▶ [The task] The answer must give back every line of the data exactly, with no pictures.

▶ [Source material]
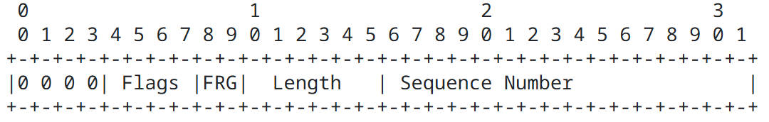 • 2比特的FRG位,用来标识是否分片。第一个比特是B位也就是开始位,第二个比特是E位也就是结束位。对于未分片的数据包的B位和E位都是0。
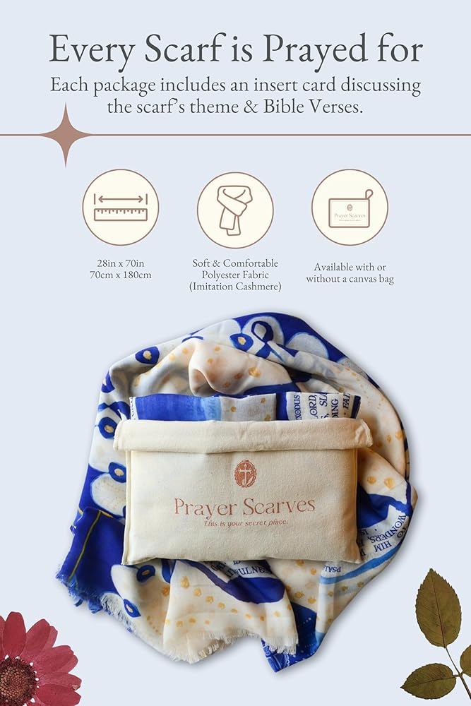 Find Serenity in Prayer: Experience the beauty and depth of faith with Prayer Scarves, thoughtfully designed with themed Bible verses. Each piece is crafted as an expression of worship, inspiring a closer connection with God.
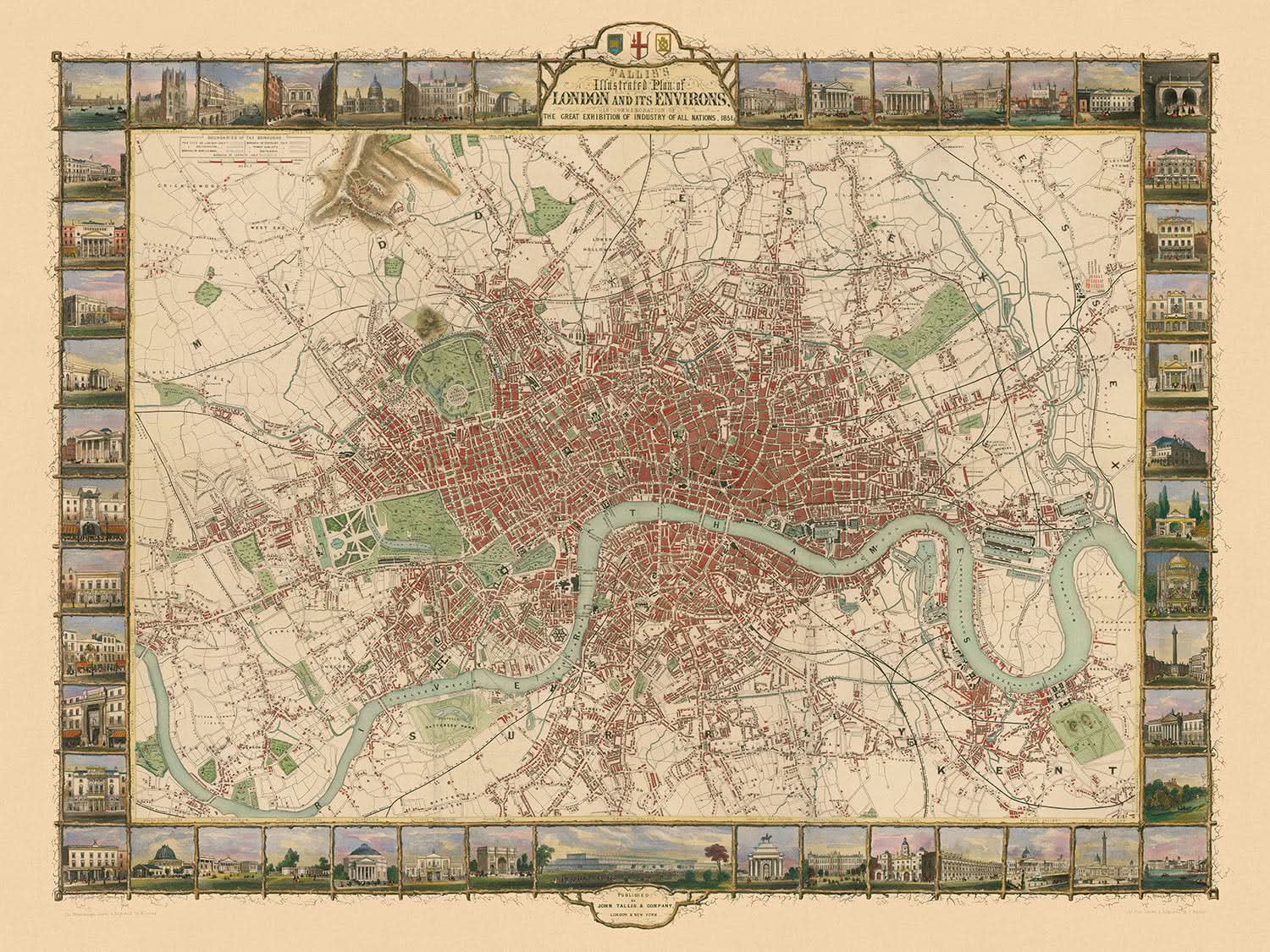 Seltene alte illustrierte Karte von London von Tallis, 1851 mit 50 Stadtansichten

▶ [Solution to this problem]
 • 2比特的FRG位,用来标识是否分片。第一个比特是B位也就是开始位,第二个比特是E位也就是结束位。对于未分片的数据包的B位和E位都是0。
 Find Serenity in Prayer: Experience the beauty and depth of faith with Prayer Scarves, thoughtfully designed with themed Bible verses. Each piece is crafted as an expression of worship, inspiring a closer connection with God.
 Seltene alte illustrierte Karte von London von Tallis, 1851 mit 50 Stadtansichten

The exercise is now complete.